We consider the [velib](https://www.velib-metropole.fr/donnees-open-data-gbfs-du-service-velib-metropole) data set, related to the bike sharing system of Paris. The data are loading profiles of the bike stations over one week, collected every hour, from the period Monday 2nd Sept. - Sunday 7th Sept., 2014. The loading profile of a station, or simply loading, is defined as the ratio of number of available bikes divided by the number of bike docks. A loading of 1 means that the station is fully loaded, i.e. all bikes are available. A loading of 0 means that the station is empty, all bikes have been rent.
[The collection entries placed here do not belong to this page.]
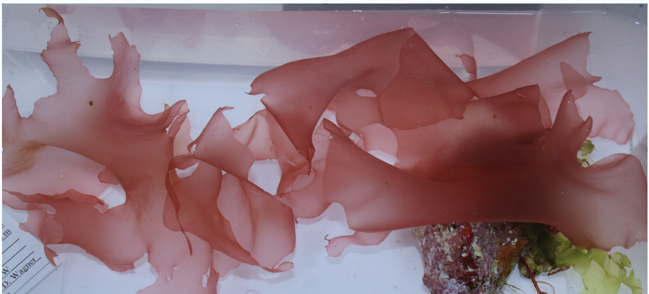
▼ Hānau ka limu Kalaukapu, noho i kai!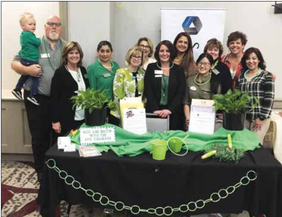
Donning their green gear, Santa Fe Springs Chamber staff, members, ambassadors and board proudly posing at the SFS Chamber booth.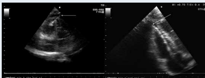
Figure 2. TTE (arrow) the lead tip in pericardial space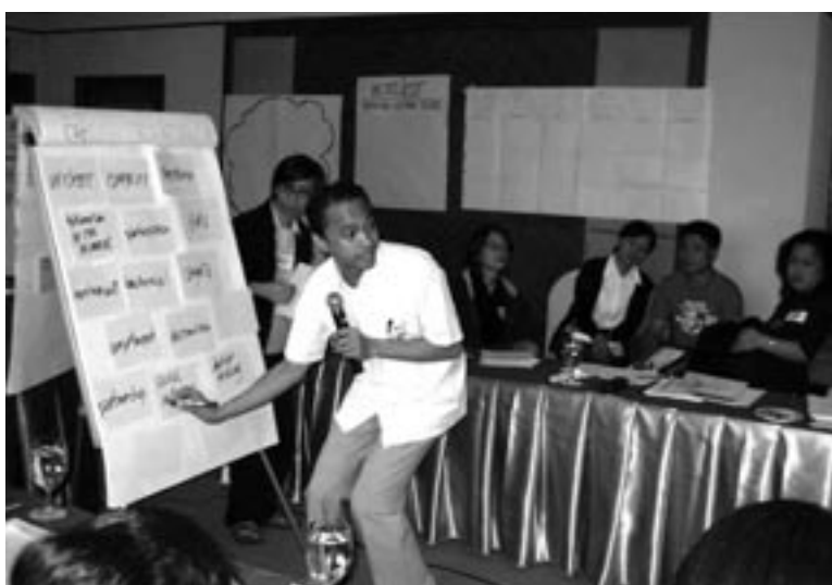
Seven Sisters Pilot GIPA workshop April 2005

From the viewpoint of data analysis, the individuals are the stations. The variables are the 168 time steps (hours in the week). **The aim is to detect clusters in the data, corresponding to common customer usages.** This clustering should then be used to predict the loading profile.

---

The aim of this tutorial is to reproduce the study we carried out in [Python](https://plmlab.math.cnrs.fr/wikistat/Exploration/-/blob/master/Velib/PT_velib_Python.ipynb) on R.

As before, you can find suggested corrections in the "solutions" file. Try to find the answers yourself first! (that's how we make progress). Unfortunately, in `R` the magic `%load` command does not work, so you will have to retrieve the solutions manually.

In [None]:
rm(list = ls())   # erase everything, start from scratch!

In [1]:
library(ggplot2)
library(reshape2)
library(gridExtra)

In [2]:
# direct loading from stored data on PLMlab
load('data/velib.RData')
summary(velib)

# alternative: load the data from package funFEM, where you have more information (help page)
# library(funFEM)
# data(velib)
# help("velib")

         Length Class      Mode     
data      181   data.frame list     
position    2   data.frame list     
dates     181   -none-     character
bonus    1189   -none-     numeric  
names    1189   -none-     character

In [5]:
# data preparation
loading = as.matrix(velib$data)
colnames(loading) = 1:ncol(loading)
rownames(loading) = velib$names

stations = 1:nrow(loading)
coord = velib$position[stations,]
coord$bonus = velib$bonus[stations]

# select exactly 7 days of data (we remove the first 13 dates)
dates = 14:181
loading = loading[stations, dates]
colnames(loading) = 1:length(dates)

head(loading)
head(coord)

ERROR: Error in eval(expr, envir, enclos): objet 'velib' introuvable


## First Insights into the Dataset

##### <span style="color:purple"> **Todo:** Plot the loading a station</span>

- Plot the load evolution of the $i$-th station over time;
- Draw a vertical line to delimit the days (_**Hint:** How many days do we observe?_);
- Enter the station name in the figure title;
- Label the axes in the figure.

In [None]:
### TO BE COMPLETED ### 

i = ...

In [None]:
# solutions/R/plot_loading.r

> Comments?

##### <span style="color:purple"> **Question:** Does loading differ from one station to another?</span>

 Draw a matrix of plots of size 4*4 corresponding to 16 stations of your choice. _Do not forget the vertical lines corresponding to days_

In [None]:
### TO BE COMPLETED ### 

options(repr.plot.width = 15, repr.plot.height = 10)

# --- #

[...]

In [None]:
# solutions/R/plot_loading_16.r

> Comments?

##### <span style="color:purple"> **Todo:** Draw the boxplot of the variables, sorted in time order.</span>

1. What can you say about the distribution of the variables? 
2. Position, dispersion, symmetry? 
3. Can you see a difference between days?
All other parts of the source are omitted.